We arrange all of the core imports and outline the basic information buildings wanted to handle duties and brokers. We outline Task and Agent as structured entities to cleanly orchestrate work. By doing this, we be sure that each a part of the system has a constant and dependable basis. Check out the FULL CODES here.

AGENT_REGISTRY = {
   "researcher": Agent(
       identify="researcher",
       position="Research Specialist",
       experience="Information gathering, evaluation, and synthesis",
       system_prompt="You are a analysis specialist. Provide thorough analysis on subjects."
   ),
   "coder": Agent(
       identify="coder",
       position="Software Engineer",
       experience="Writing clear, environment friendly code with greatest practices",
       system_prompt="You are an skilled programmer. Write clear, well-documented code."
   ),
   "author": Agent(
       identify="author",
       position="Content Writer",
       experience="Clear communication and documentation",
       system_prompt="You are a skilled author.

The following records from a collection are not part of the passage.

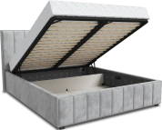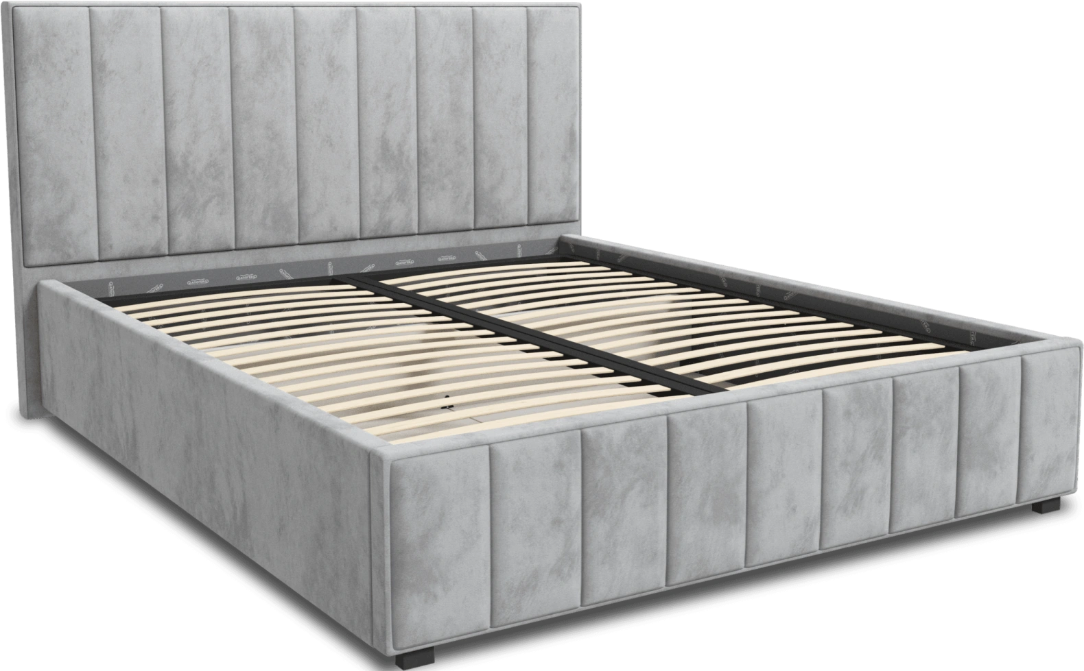 Интерьерная кровать из серии Кордова с подъемным механизмом и цельносварным ортопедическим основанием, а также настилом из ЛДСП для бельевого отсека.
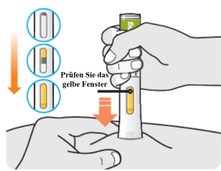 b Wenn Sie die gelbe Schutzabdeckung auf Ihre Haut setzen, halten Sie den Fertigpen so, dass Sie das Fenster sehen können.
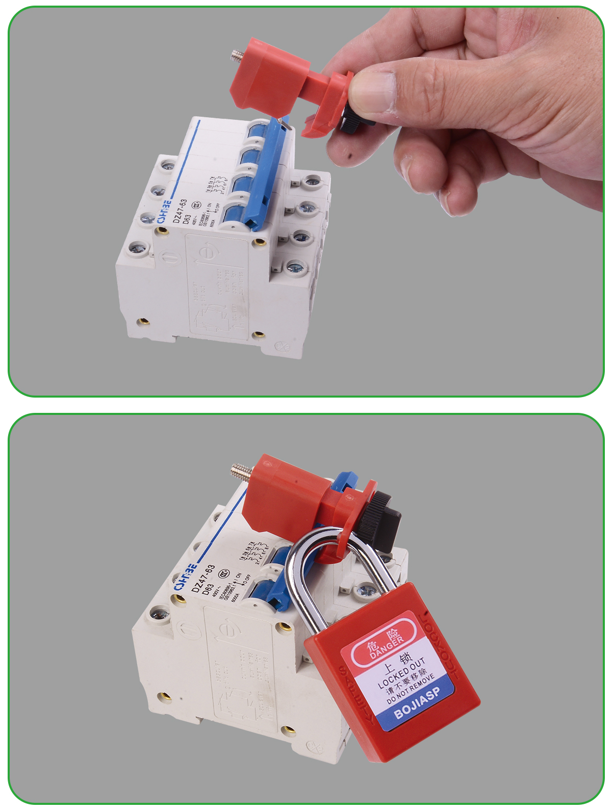 ◎ 通用于歐洲和亞洲設(shè)備,用于鎖定小型斷路器。
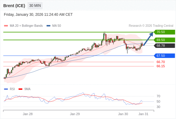在 67.50 之上,看涨,目标价位为 69.50 ,然后为 70.50 。
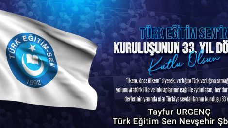 BİR SEVDA ÜLKÜSÜ TÜRK EĞİTİM SEN 33 YAŞINDA… Türk Eğitim Sen Nevşehir Şube Başkanı Tayfur Urgenç, Türk Eğitim-Sen’in 33. kuruluş yıldönümü...

Create clear, partaking content material."
   ),
   "analyst": Agent(
       identify="analyst",
       position="Data Analyst",
       experience="Data interpretation and insights",
       system_prompt="You are a information analyst. Provide clear insights from information."
   )
}


class LocalLLM:
   def __init__(self, model_name: str = "TinyLlama/TinyLlama-1.1B-Chat-v1.0"):
       self.tokenizer = AutoTokenizer.from_pretrained(model_name)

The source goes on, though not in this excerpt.